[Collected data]
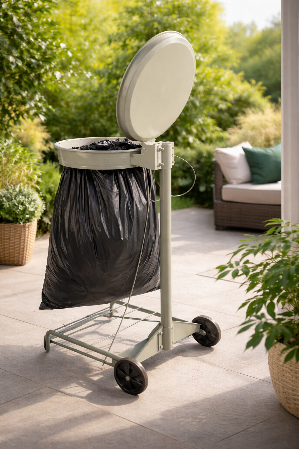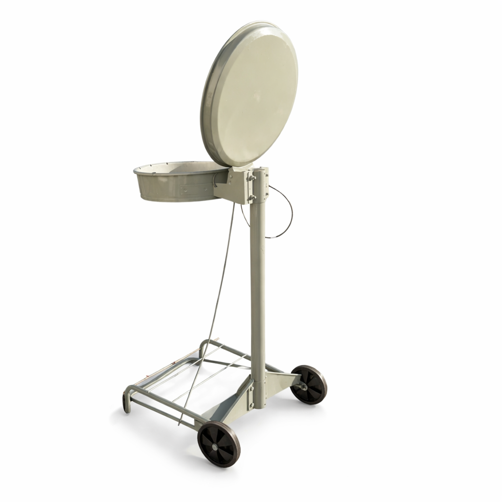 Pratique et fonctionnel, ce support permet une ouverture sans contact grâce à sa pédale intégrée, garantissant une utilisation hygiénique tout au long de votre événement.
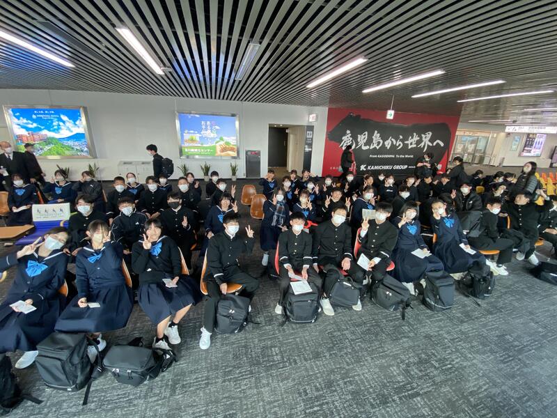 鹿児島空港に到着して、搭乗手続きを済ませました。この後、写真の飛行機に乗ります。T学年主任は苦手とする飛行機移動を前に緊張しています。
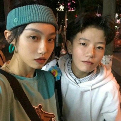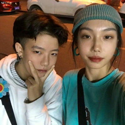 二兽 一对两张真人时尚魅力情侣头像
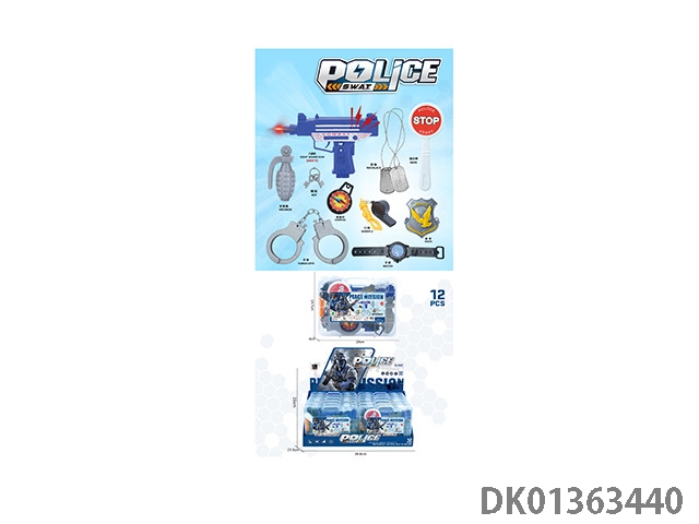警察套(冲锋八音枪+口哨+警徽+手铐+手雷+指南针+手表+吊牌+停车牌)12只装
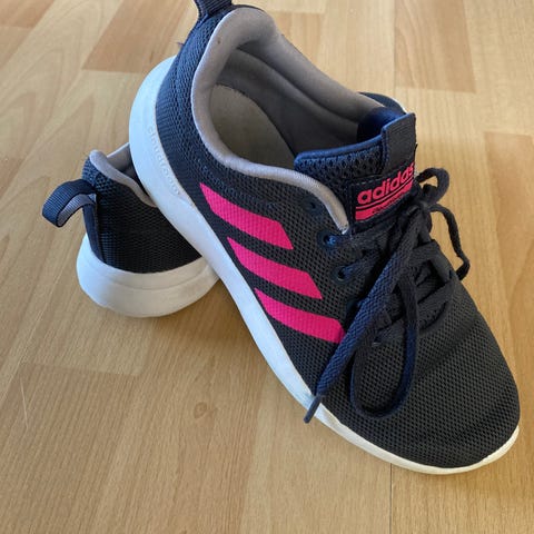 Adidas børnesko til pige i størrelse 23. Skoene er primært pink med hvide detaljer og har en lukning med velcro og snørebånd. Designet til børn med fokus på komfort og funktionalitet.
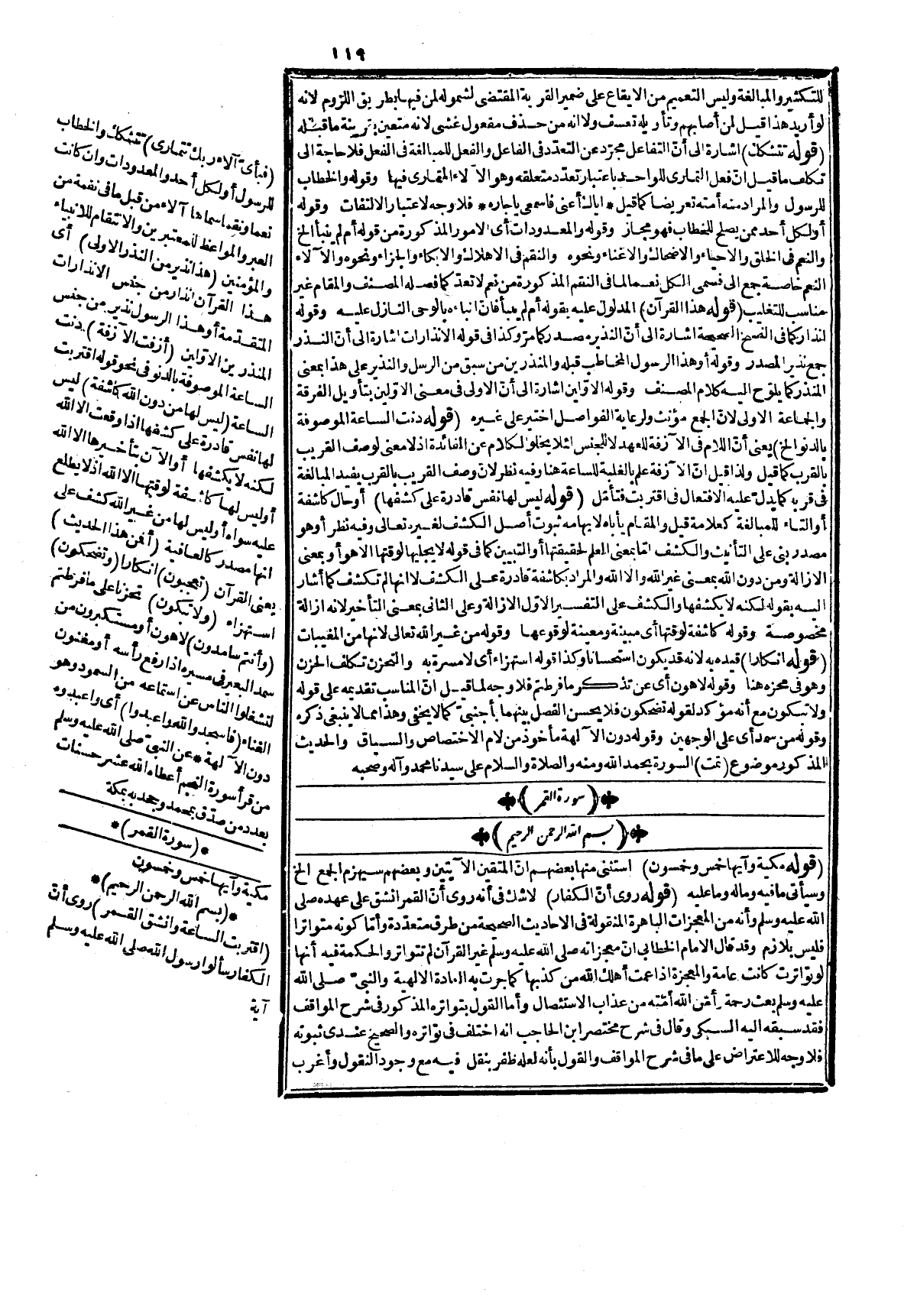 منه قوله: إنّ حديث (من كذب على (الخ قالوا: إنه غير متواتر مع أن رواه ستون من الصحابة فيهم العشرة المبشرة إذ لا يلزم مع تواتر هذا تواتر ذاك لجواز تخلف شرط فيه، وسبب تعرّضهم للتواتر طعن بعض الملاحدة بأن القمر يشاهده كل أحد فلو انقسم قطعتين تواتر، وشاع في جميع الناس، ولم يخف على أحد، والطبائع حريصة على إشاعة ما لم يعهد مثله ولا أغرب من هذا مع أنّ الملازمة غير لازمة لأنه في الليل، وزمان الغفلة ولا يلزم امتداده، ولا أن يرى إذ ذاك في جميع الآفاق لاختلاف المطالع، وقد قيل إنه وقع مرتين أيضا. قوله: (فانشق القمر) قيل: لم يقل فشق إشارة إلى أنه فعل الله أظهره على يديه ولو قيل إشارة إلى أنه في ذاته قابل للخرق والالتئام رداً على ملاحدة الفلاسفة كان أحسن. قوله: (وقيل الخ)

What the exercise asks:
The answer should consist only of the lines above from the one with "鹿児島空港に到着して、搭乗手" through the one with "Adidas børnesko til", repeated exactly, with no pictures among them.

Answer section:
 鹿児島空港に到着して、搭乗手続きを済ませました。この後、写真の飛行機に乗ります。T学年主任は苦手とする飛行機移動を前に緊張しています。
 二兽 一对两张真人时尚魅力情侣头像
警察套(冲锋八音枪+口哨+警徽+手铐+手雷+指南针+手表+吊牌+停车牌)12只装
 Adidas børnesko til pige i størrelse 23. Skoene er primært pink med hvide detaljer og har en lukning med velcro og snørebånd. Designet til børn med fokus på komfort og funktionalitet.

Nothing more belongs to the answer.